(Data records)
————

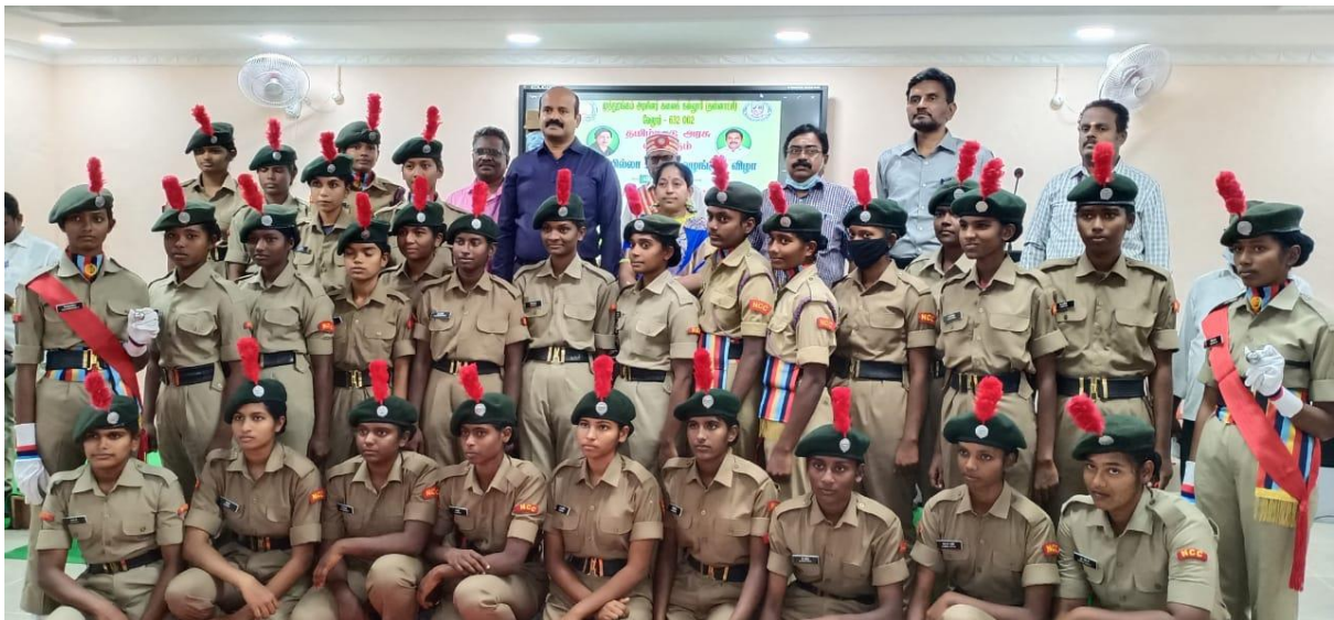
Women's NCC Unit with District Collector of Vellore
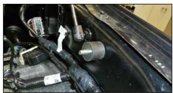
11. Install the provided rubber mounted stud into the factory filter housing mounting location as
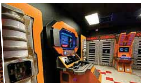
ARCADE FIRE The Game, ICON Park
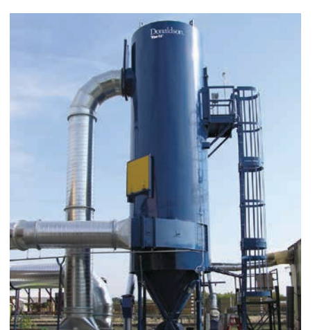
RF Dust Collector
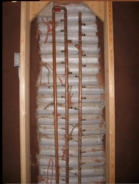
Earthbag and earth plaster radiant wall
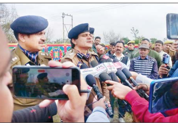
People staging protest in Sunjwan area of Jammu on Wednesday.

The protesting people said that on one side they are being assured that no residential or commercial establishment raised on small portion of land will be touched in the anti-encroachment drive and on the other
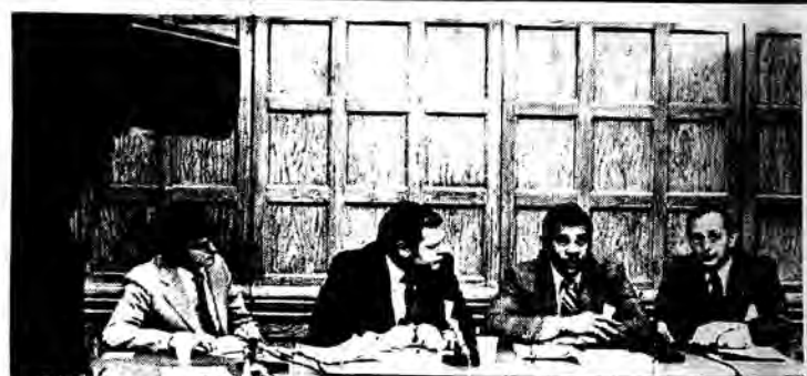
TAX REFORM: Hempstead Town Presiding Supervisor D'Amato, right, who served as moderator on a closed circuit television discussion on Property Tax Reform produced by the Metropolitan Regional Councils

Advance reservations are urged because of limited room capacity. The $40 fee includes reinforcement tape. Reservations may be made by writing to The Apple Core, Red Top Road, Highland, N.Y. 12528; or telephoning (914) 691-8882 and (201) 748-4091.
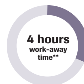
cobas® 8800 System
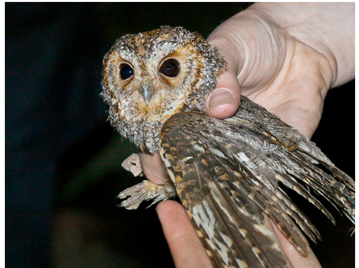
Flammulated Owl (male)
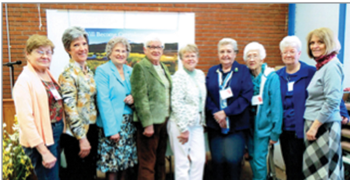
(Pictured above top) Members of the Great Falls Flower Growers (Center) Members of the Rainbow Garden Club (Bottom) New to the Central District are members of the Dearborn Garden club (Pictured below) Conservation program presented at the Central District Meeting
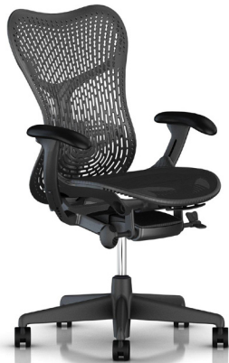
MIRRA II CHAIR
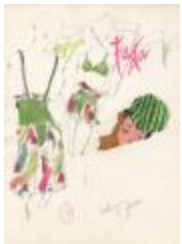
Tropical Fantasies Circa 1953 (PC020201_000075)
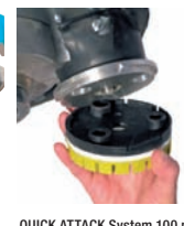
QUICK ATTACK System 100 mm
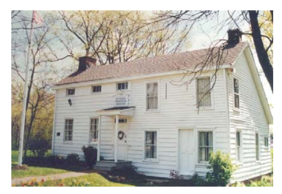
Salt Box Museum
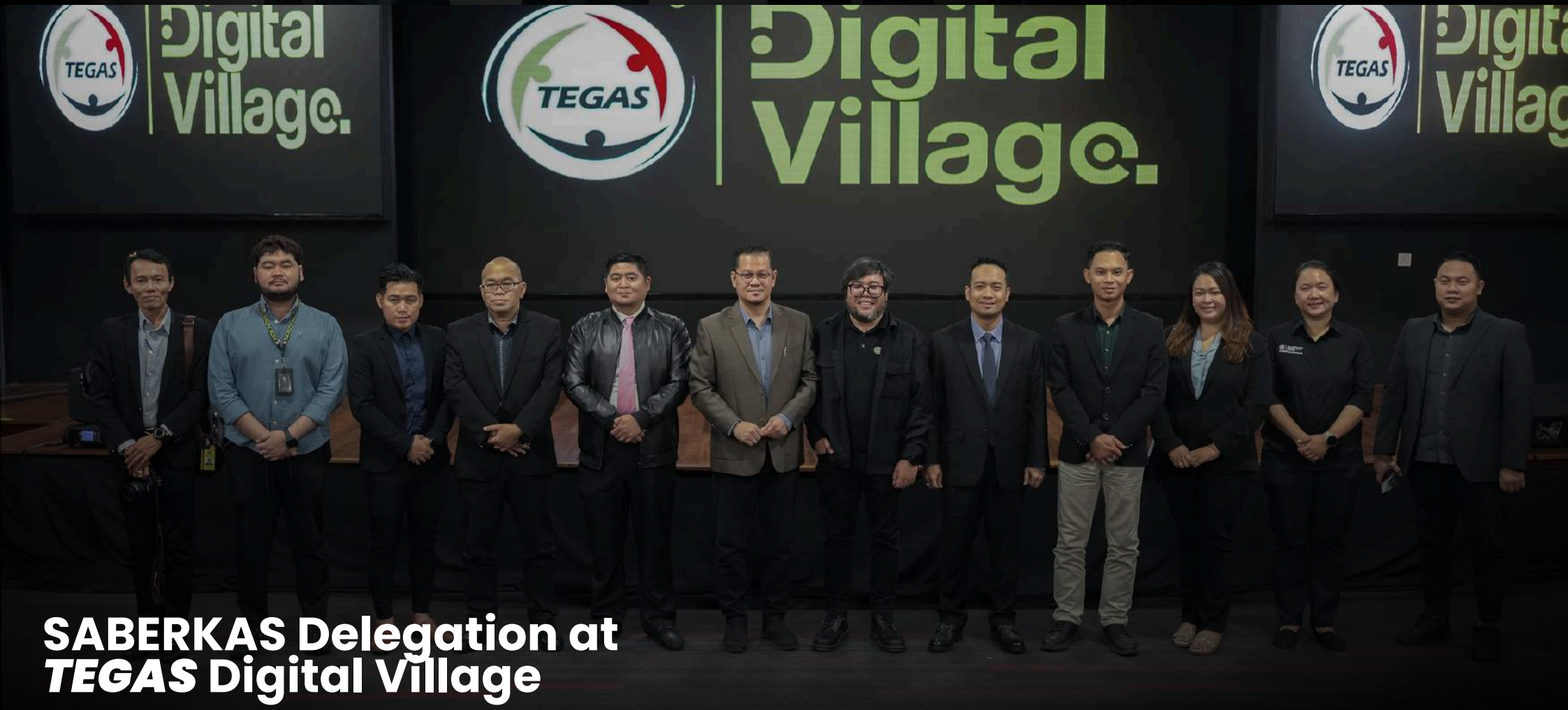
SABERKAS Delegation at TEGAS Digital Village
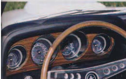
Woodgrain appliques surround full gauge package; high-back buckets are comfortable even if your knees get pushed in due to design; cramped rear seating
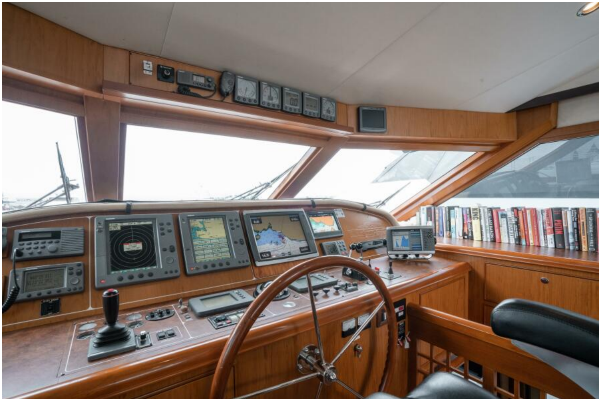
Bridge Deck Bridge Deck
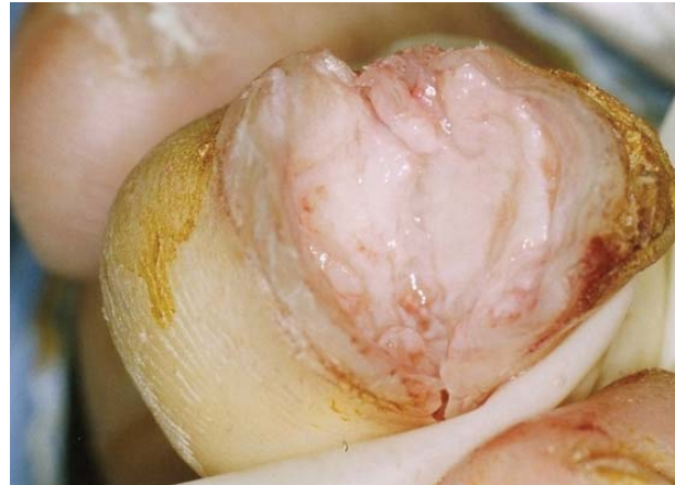
FIGURE 2: Unencapsulated, whitish, polypoid lesion occupying the digital pulp
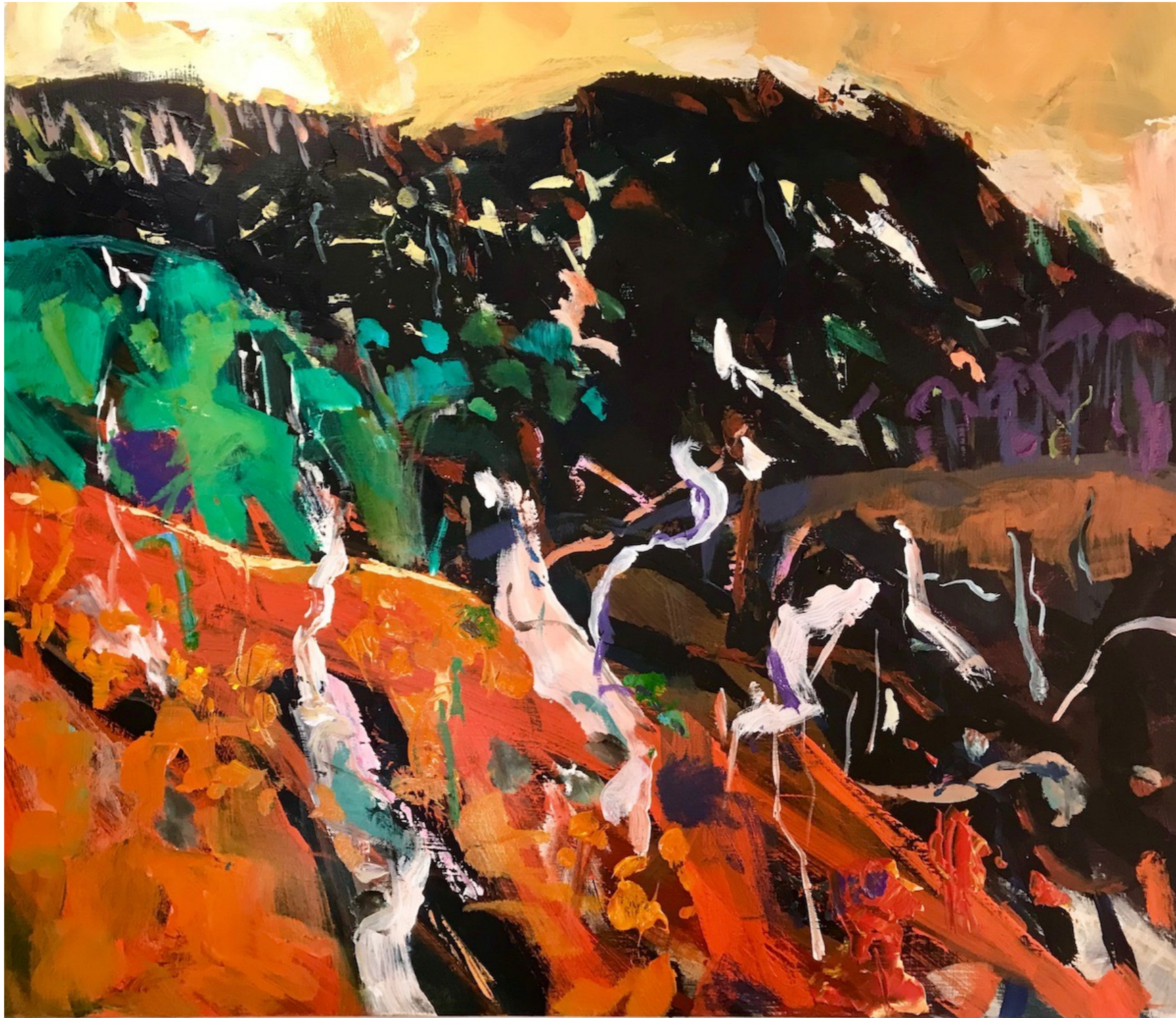
Evening Promontory Acrylic on board 60 x 70 cms $1,400

————

Problem details
Copy every line exactly, from the opening line of the entries down to the line holding "The protesting people", and keep the pictures out.

Answer
Women's NCC Unit with District Collector of Vellore
11. Install the provided rubber mounted stud into the factory filter housing mounting location as
ARCADE FIRE The Game, ICON Park
RF Dust Collector
Earthbag and earth plaster radiant wall
People staging protest in Sunjwan area of Jammu on Wednesday.

The protesting people said that on one side they are being assured that no residential or commercial establishment raised on small portion of land will be touched in the anti-encroachment drive and on the other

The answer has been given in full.